The foregoing description of the Backstop Agreement and Backstop Notes is not complete and is qualified in its entirety by reference to the Backstop Agreement and the form of Indenture, included as Exhibit A to the Backstop Agreement, which is attached as Exhibit 10.1 to this Current Report on Form 8-K and incorporated herein by reference.
In connection with the Backstop Agreement, pursuant to a Waiver and Acknowledgment dated July 27, 2021, CTAC has waived the debt incurrence covenant in the Merger Agreement solely to permit KORE to enter into the Backstop Agreement and will be deemed to waive such debt incurrence covenant to permit KORE to utilize the Backstop Agreement upon consenting to such utilization. CTAC and KORE have also amended the merger agreement to extend the “Termination Date” thereunder to October 12, 2021.
On July 28, 2021, KORE issued a press release announcing entry into the Backstop Agreement. A copy of the press release is furnished as Exhibit 99.1 to this Current Report on Form 8-K.

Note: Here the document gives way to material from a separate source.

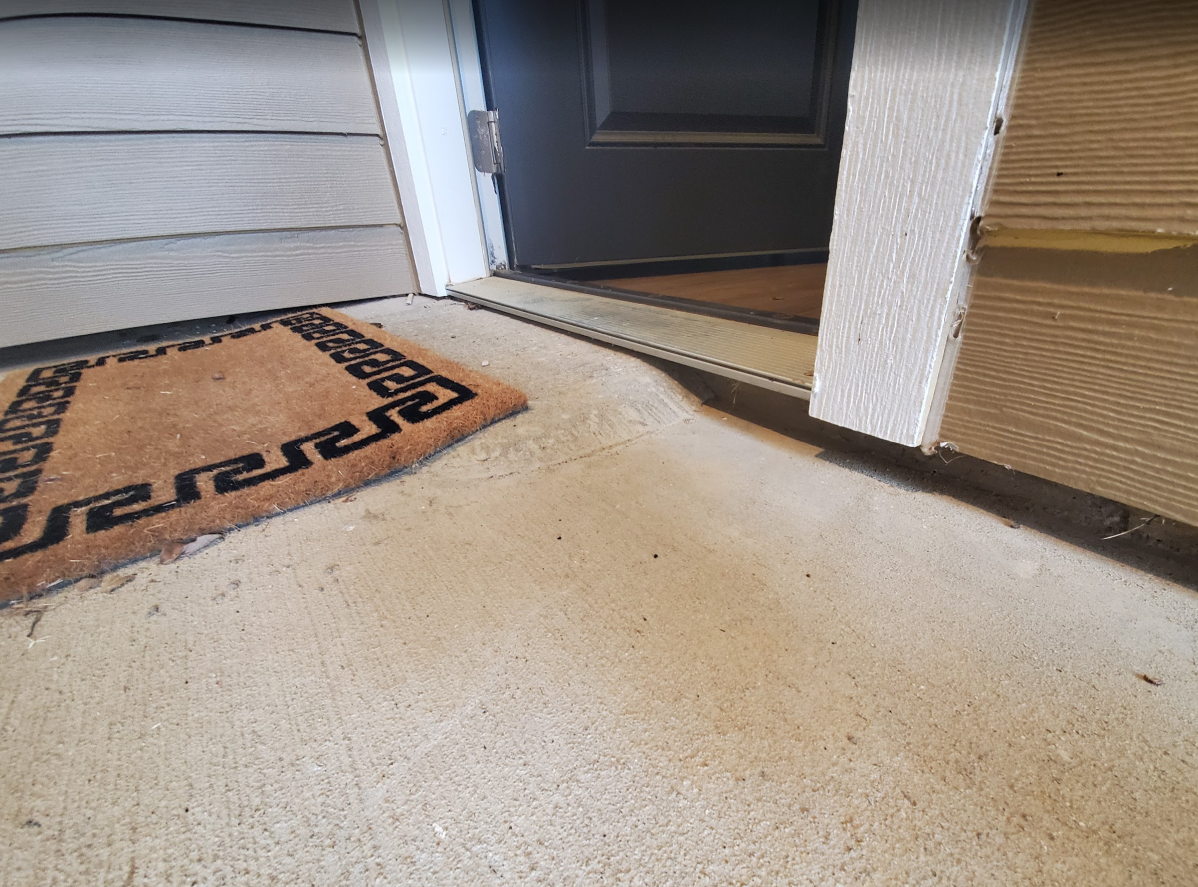 While this approach may address the height differential at the threshold, it often alters the adjacent maneuvering clearance at the door. The resulting surface can introduce slopes exceeding the allowable 2 percent limit in any direction, creating a new compliance issue.

Additional Information and Where to Find It
This Current Report on Form 8-K relates to a proposed transaction between CTAC and KORE. This Current Report on Form 8-K does not constitute an offer to sell or exchange, or the solicitation of an offer to buy or exchange, any securities, nor shall there be any sale of securities in any jurisdiction in which such offer, sale or exchange would be unlawful prior to registration or qualification under the securities laws of any such jurisdiction. CTAC and Pubco filed a registration statement on Form S-4 with the SEC, which includes a proxy statement of CTAC and a prospectus of Pubco, and CTAC will file other documents regarding the proposed transaction with the SEC. A definitive proxy statement/prospectus will also be sent to the shareholders of CTAC, seeking required shareholder approval. Before making any voting or investment decision, investors and security holders of CTAC are urged to carefully read the entire registration statement and proxy statement/prospectus, when they become available, and any other relevant documents filed with the SEC, as well as any amendments or supplements to these documents, because they will contain important information about the proposed transaction.
The documents filed by CTAC with the SEC may be obtained free of charge at the SEC’s website at www.sec.gov. In addition, the documents filed by CTAC with the SEC may be obtained free of charge from CTAC’s website at www.cerberusacquisition.com or upon written request to Cerberus Telecom Acquisition Corp., 875 Third Avenue, New York, NY 10022.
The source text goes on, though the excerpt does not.